Your instructions
Return each entry below exactly. Skip the images.

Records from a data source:
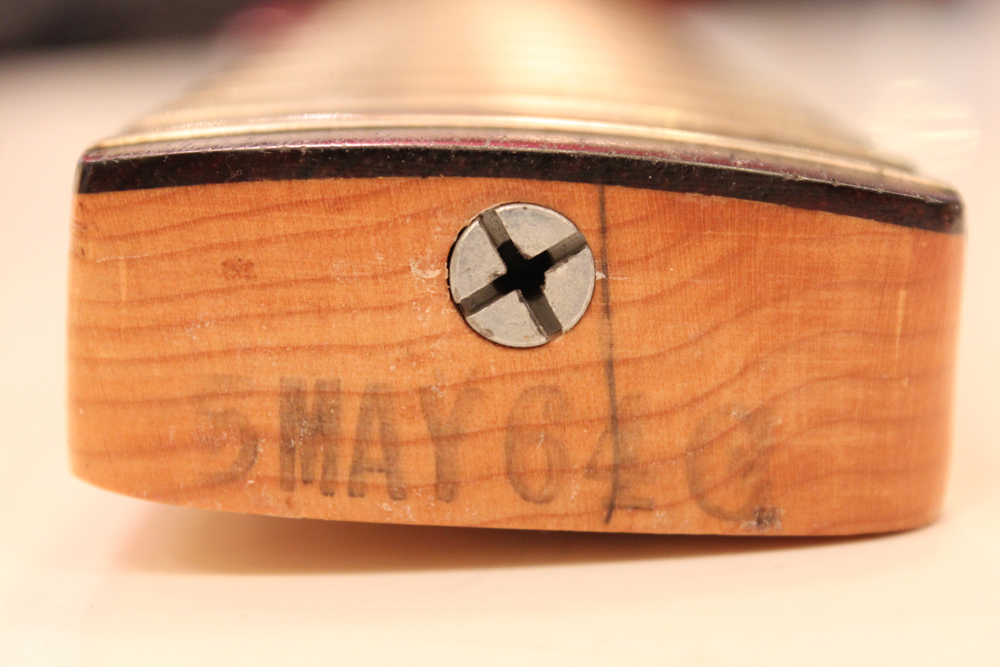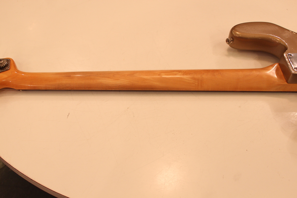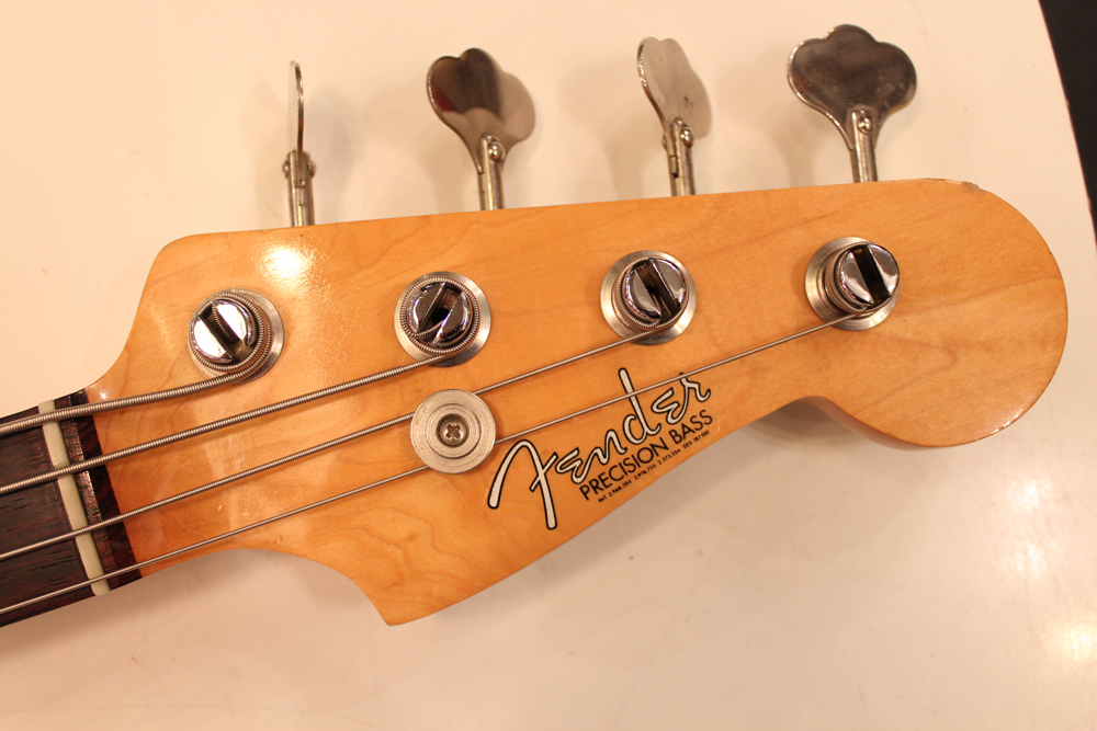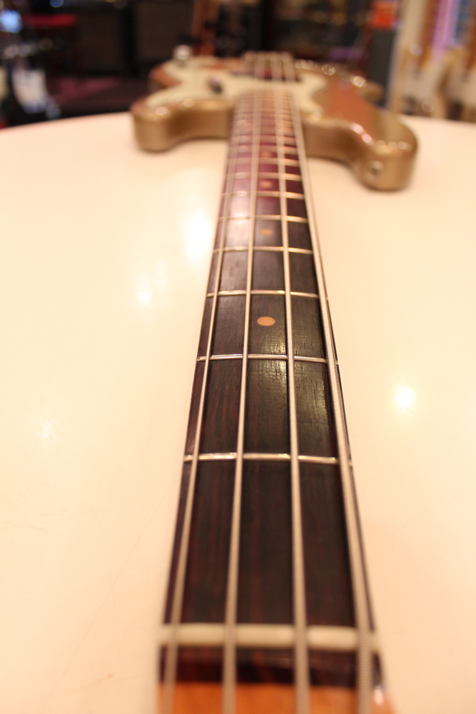 特にプレシジョン・ベースの場合、スパゲッティ・ロゴ期のカスタムカラーは非常に数が少ない為、市場でもまず見つける事が困難ですが、こちらの機体は、ネックジョイント部に"Show"との記載がされている為、当時のトレードショウ用に制作された機体のようです
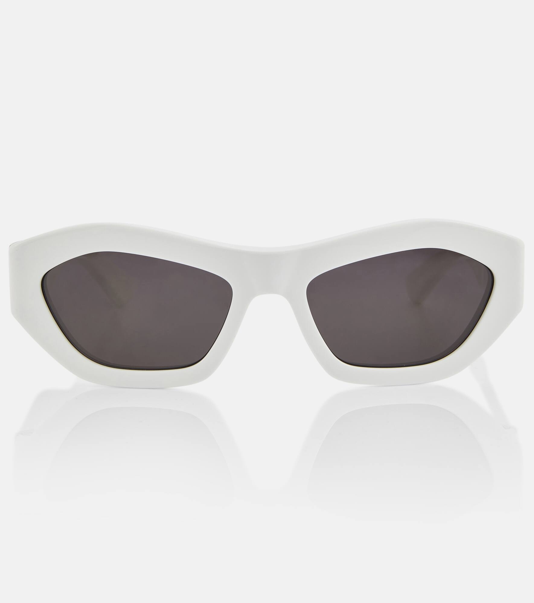Underpinned by architectural design, the Angle sunglasses from Bottega Veneta are a striking addition to your accessories lineup. Made in Japan from acetate, the hexagonal cat-eye style has a thick frame with branded gold-tone triangles on each arm. Product Details - Made in Japan - Frame color: off-white - Lens type: tinted lenses - Frame material: acetate - Lens filter category 3 - The color of the case may vary - Lens color: black - comes with cleaning cloth - comes in a case - Item number: P00811212 Size & Fit - Lens width: 54mm-2.15" - Bridge size: 18mm-0.7" - Earpiece length: 125mm-4.9"
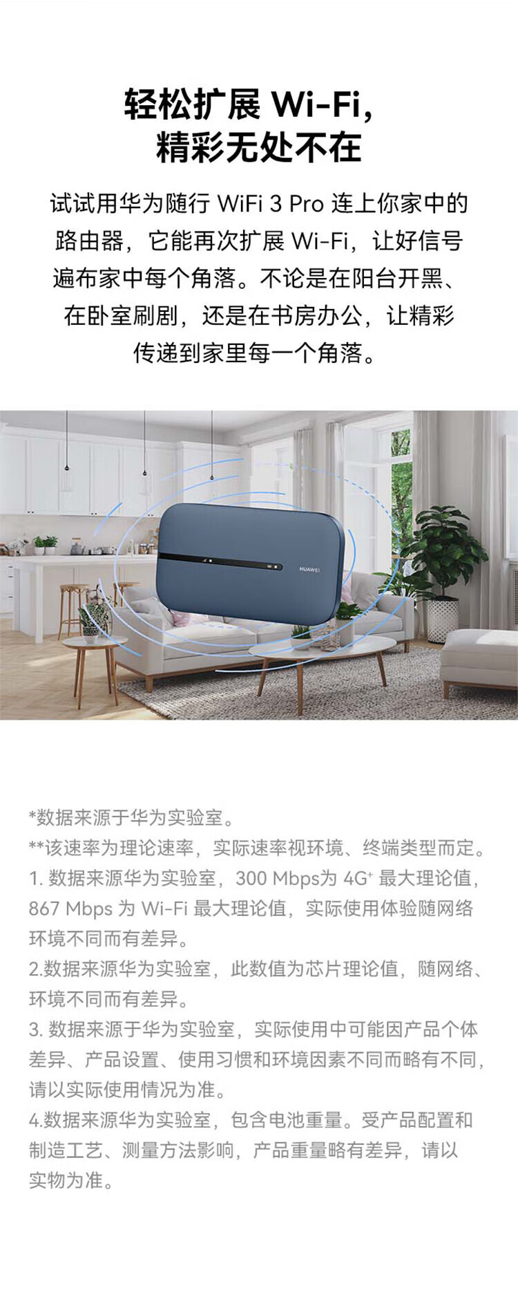 华为随行WiFi 3 Pro 4G+全网通 随身wifi  300M高速上网/3000mAh大电池  E5783-836
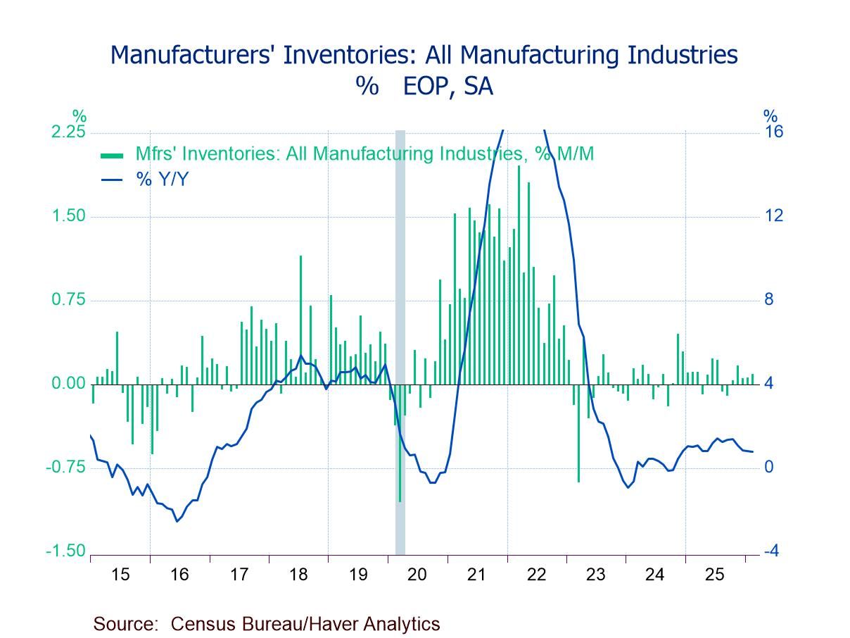 Inventories inched up 0.1% (0.8% y/y) in February, the fourth successive m/m increase, following matching 0.1% gains in January and December. Excluding transportation, inventories edged up 0.1% (1.0% y/y) after no change in January. Durable goods inventories increased 0.1% (1.8% y/y) in February after rising 0.2% for four straight months, while nondurable goods inventories were virtually unchanged (-0.8% y/y) after declining 0.3% in January and December.
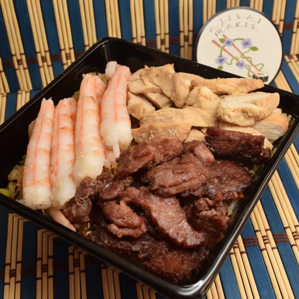 Doble porción de arroz, arrachera, pollo, camarón, Philadelphia, manchego, pepino y aguacate encima.

Output of the task
 特にプレシジョン・ベースの場合、スパゲッティ・ロゴ期のカスタムカラーは非常に数が少ない為、市場でもまず見つける事が困難ですが、こちらの機体は、ネックジョイント部に"Show"との記載がされている為、当時のトレードショウ用に制作された機体のようです
Underpinned by architectural design, the Angle sunglasses from Bottega Veneta are a striking addition to your accessories lineup. Made in Japan from acetate, the hexagonal cat-eye style has a thick frame with branded gold-tone triangles on each arm. Product Details - Made in Japan - Frame color: off-white - Lens type: tinted lenses - Frame material: acetate - Lens filter category 3 - The color of the case may vary - Lens color: black - comes with cleaning cloth - comes in a case - Item number: P00811212 Size & Fit - Lens width: 54mm-2.15" - Bridge size: 18mm-0.7" - Earpiece length: 125mm-4.9"
 华为随行WiFi 3 Pro 4G+全网通 随身wifi  300M高速上网/3000mAh大电池  E5783-836
 Inventories inched up 0.1% (0.8% y/y) in February, the fourth successive m/m increase, following matching 0.1% gains in January and December. Excluding transportation, inventories edged up 0.1% (1.0% y/y) after no change in January. Durable goods inventories increased 0.1% (1.8% y/y) in February after rising 0.2% for four straight months, while nondurable goods inventories were virtually unchanged (-0.8% y/y) after declining 0.3% in January and December.
 Doble porción de arroz, arrachera, pollo, camarón, Philadelphia, manchego, pepino y aguacate encima.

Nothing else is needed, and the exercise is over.